▶ [Work order]:
Copy out the data word for word, without any of its pictures.

▶ [Data]:
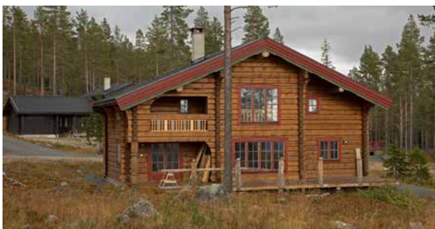
Hus på Idre Himmelfjäll.

Byggnader i norra Dalarna och fjällvärlden hade ett primärt syfte att skydda mot vindar och oväder och var därför relativt slutna. Det traditionella materialet är trä, timmer och stående grov lockpanel. Timmerfasader skall vara enkla och raka i sin utformning och inte förses med svängda knutar, spetsiga fönster och utsirade taktassar. Natursten kan användas som ett komplement till träfasader. Färgsättningen skall vara dämpad och utgöras av vitriol, lasyrer, slamfärger eller linoljefärger i mörka matta grå, bruna och svarta toner. Blanka färger och rött accepteras inte. Kravet på dämpad färgsättning regleras även i detaljplanerna.
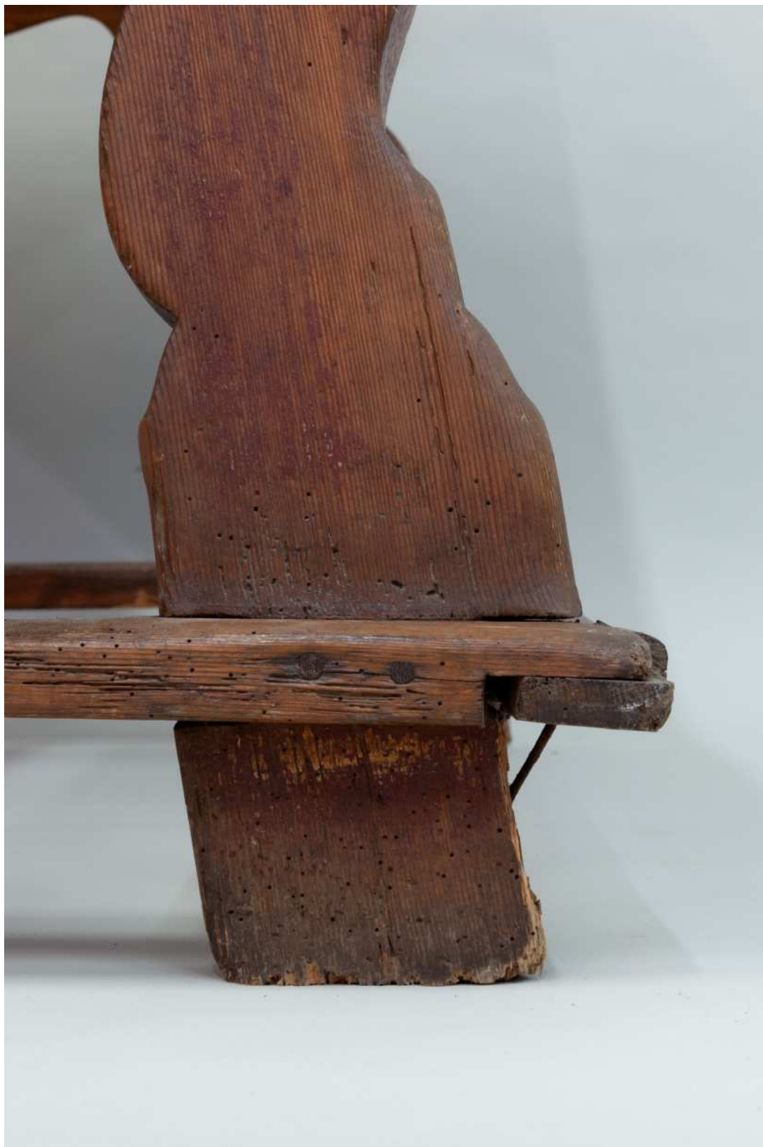
Stav před restaurováním - detail poškození nohy

▶ [Result]:
Hus på Idre Himmelfjäll.

Byggnader i norra Dalarna och fjällvärlden hade ett primärt syfte att skydda mot vindar och oväder och var därför relativt slutna. Det traditionella materialet är trä, timmer och stående grov lockpanel. Timmerfasader skall vara enkla och raka i sin utformning och inte förses med svängda knutar, spetsiga fönster och utsirade taktassar. Natursten kan användas som ett komplement till träfasader. Färgsättningen skall vara dämpad och utgöras av vitriol, lasyrer, slamfärger eller linoljefärger i mörka matta grå, bruna och svarta toner. Blanka färger och rött accepteras inte. Kravet på dämpad färgsättning regleras även i detaljplanerna.
Stav před restaurováním - detail poškození nohy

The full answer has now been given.